[Records contained in a dataset]

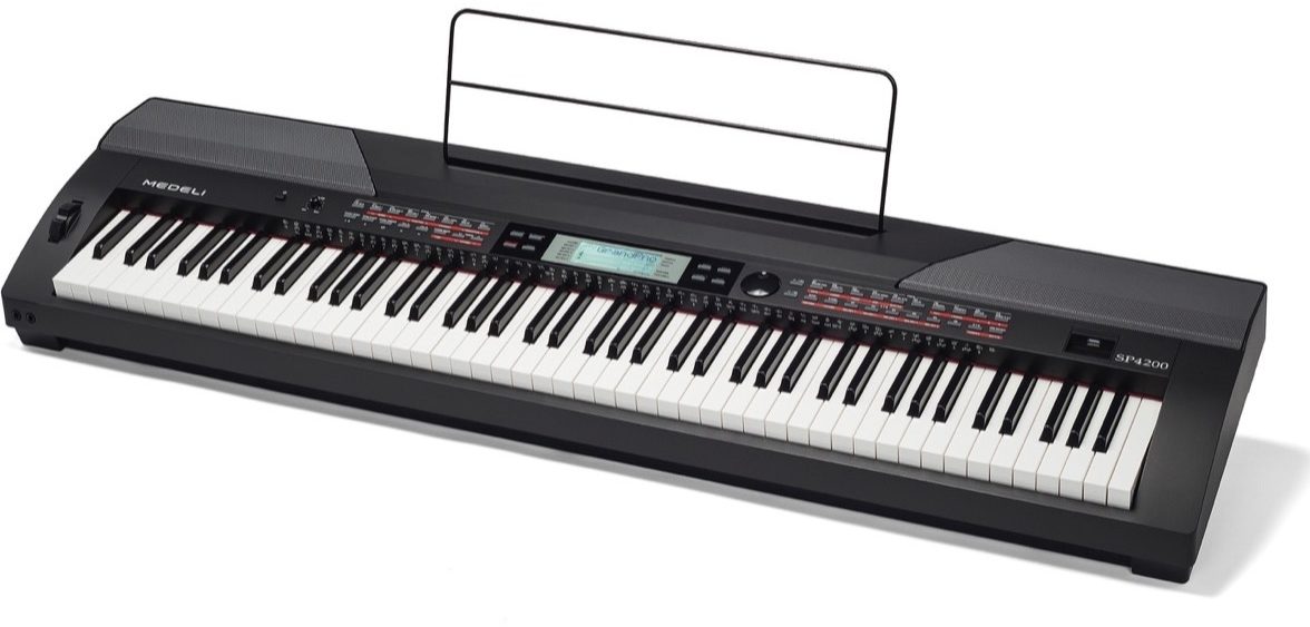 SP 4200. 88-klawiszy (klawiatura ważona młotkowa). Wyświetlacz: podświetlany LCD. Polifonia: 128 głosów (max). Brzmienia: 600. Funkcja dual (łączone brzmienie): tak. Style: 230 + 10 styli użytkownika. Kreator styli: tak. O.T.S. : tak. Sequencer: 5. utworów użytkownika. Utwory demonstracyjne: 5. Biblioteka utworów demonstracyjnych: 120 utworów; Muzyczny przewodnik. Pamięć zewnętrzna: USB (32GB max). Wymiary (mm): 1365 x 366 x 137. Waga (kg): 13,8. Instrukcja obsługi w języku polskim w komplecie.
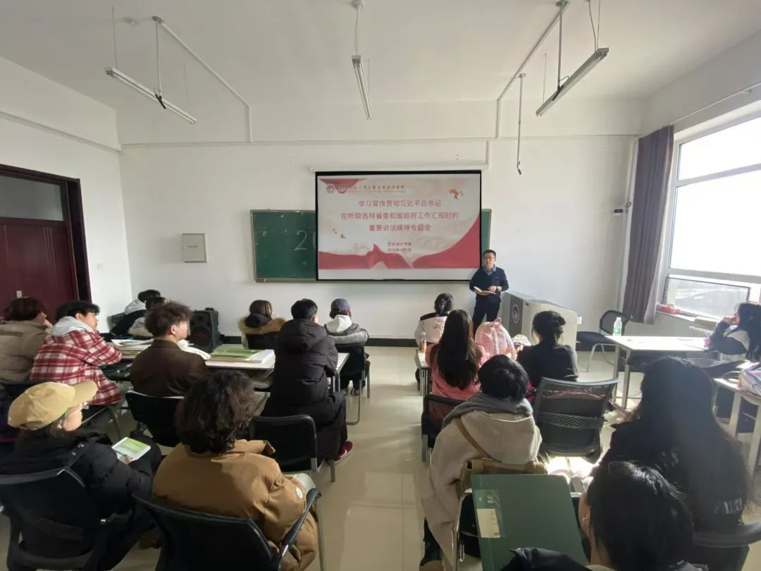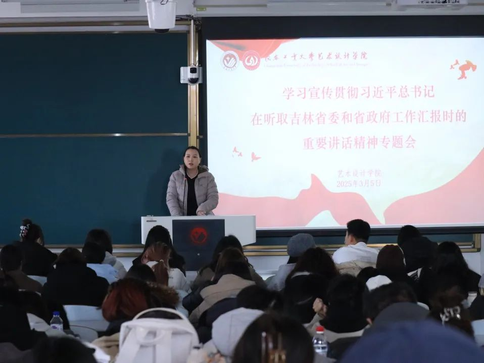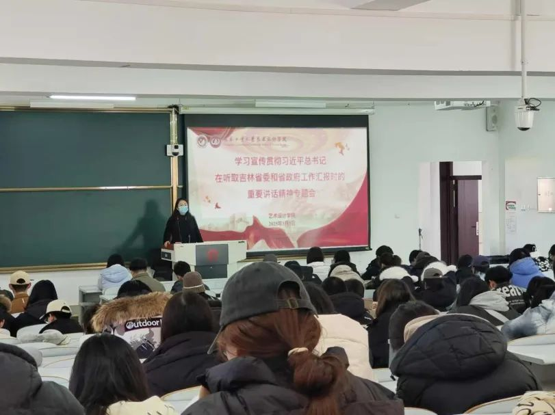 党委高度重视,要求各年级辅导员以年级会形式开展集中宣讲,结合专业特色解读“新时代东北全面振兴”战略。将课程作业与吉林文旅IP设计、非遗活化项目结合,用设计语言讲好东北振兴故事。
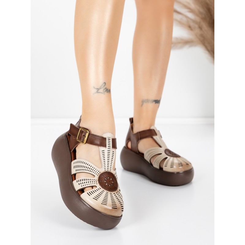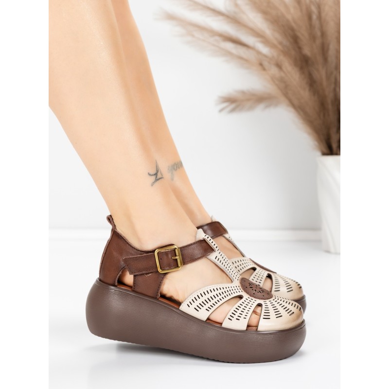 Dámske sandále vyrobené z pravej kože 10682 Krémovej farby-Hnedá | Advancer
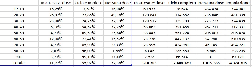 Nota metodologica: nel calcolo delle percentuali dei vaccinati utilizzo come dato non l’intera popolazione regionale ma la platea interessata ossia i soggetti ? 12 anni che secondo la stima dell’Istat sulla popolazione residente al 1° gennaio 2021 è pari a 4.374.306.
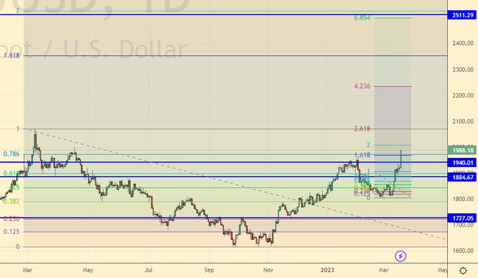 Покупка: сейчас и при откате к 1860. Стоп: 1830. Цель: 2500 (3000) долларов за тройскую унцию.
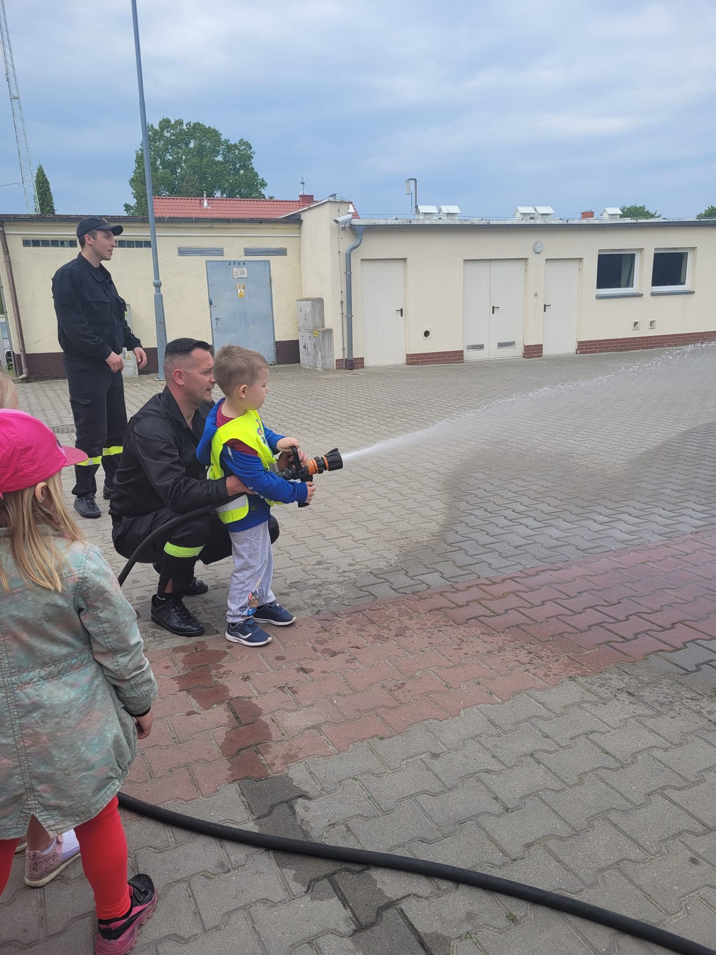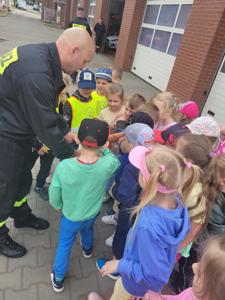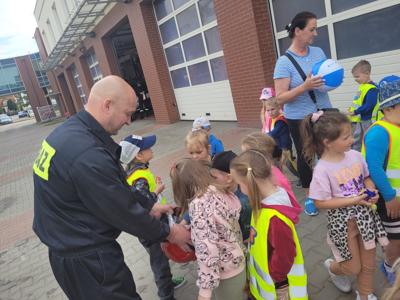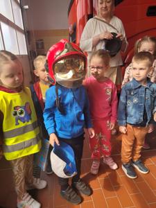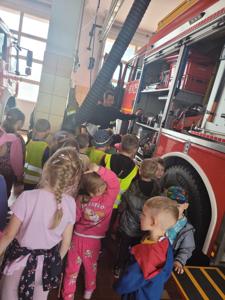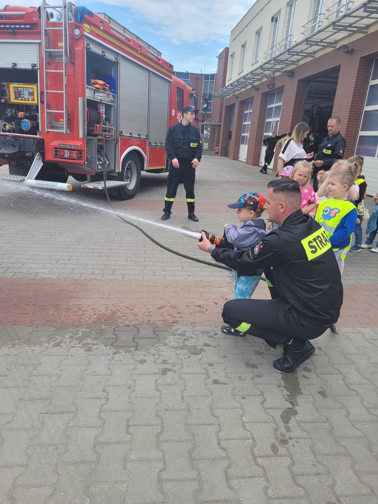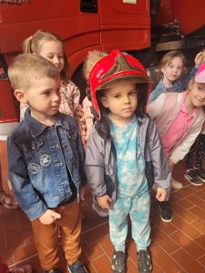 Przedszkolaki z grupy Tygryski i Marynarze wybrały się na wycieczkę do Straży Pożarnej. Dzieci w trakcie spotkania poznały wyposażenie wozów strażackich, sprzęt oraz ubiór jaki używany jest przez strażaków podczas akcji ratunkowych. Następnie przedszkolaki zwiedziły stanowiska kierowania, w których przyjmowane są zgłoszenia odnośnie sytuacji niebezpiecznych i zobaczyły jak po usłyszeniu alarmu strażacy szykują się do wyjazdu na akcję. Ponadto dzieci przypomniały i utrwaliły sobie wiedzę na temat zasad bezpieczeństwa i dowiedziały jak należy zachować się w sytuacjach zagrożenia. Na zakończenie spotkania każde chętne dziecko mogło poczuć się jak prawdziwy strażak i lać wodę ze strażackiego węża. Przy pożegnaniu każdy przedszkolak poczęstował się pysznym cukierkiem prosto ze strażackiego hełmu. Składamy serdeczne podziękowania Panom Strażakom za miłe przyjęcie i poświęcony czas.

Exercise aim: A word-for-word repeat is expected of the lines from the one with "Покупка: сейчас и" to the end of the data, both included; pictures are not part of it.

Solved exercise:
 Покупка: сейчас и при откате к 1860. Стоп: 1830. Цель: 2500 (3000) долларов за тройскую унцию.
 Przedszkolaki z grupy Tygryski i Marynarze wybrały się na wycieczkę do Straży Pożarnej. Dzieci w trakcie spotkania poznały wyposażenie wozów strażackich, sprzęt oraz ubiór jaki używany jest przez strażaków podczas akcji ratunkowych. Następnie przedszkolaki zwiedziły stanowiska kierowania, w których przyjmowane są zgłoszenia odnośnie sytuacji niebezpiecznych i zobaczyły jak po usłyszeniu alarmu strażacy szykują się do wyjazdu na akcję. Ponadto dzieci przypomniały i utrwaliły sobie wiedzę na temat zasad bezpieczeństwa i dowiedziały jak należy zachować się w sytuacjach zagrożenia. Na zakończenie spotkania każde chętne dziecko mogło poczuć się jak prawdziwy strażak i lać wodę ze strażackiego węża. Przy pożegnaniu każdy przedszkolak poczęstował się pysznym cukierkiem prosto ze strażackiego hełmu. Składamy serdeczne podziękowania Panom Strażakom za miłe przyjęcie i poświęcony czas.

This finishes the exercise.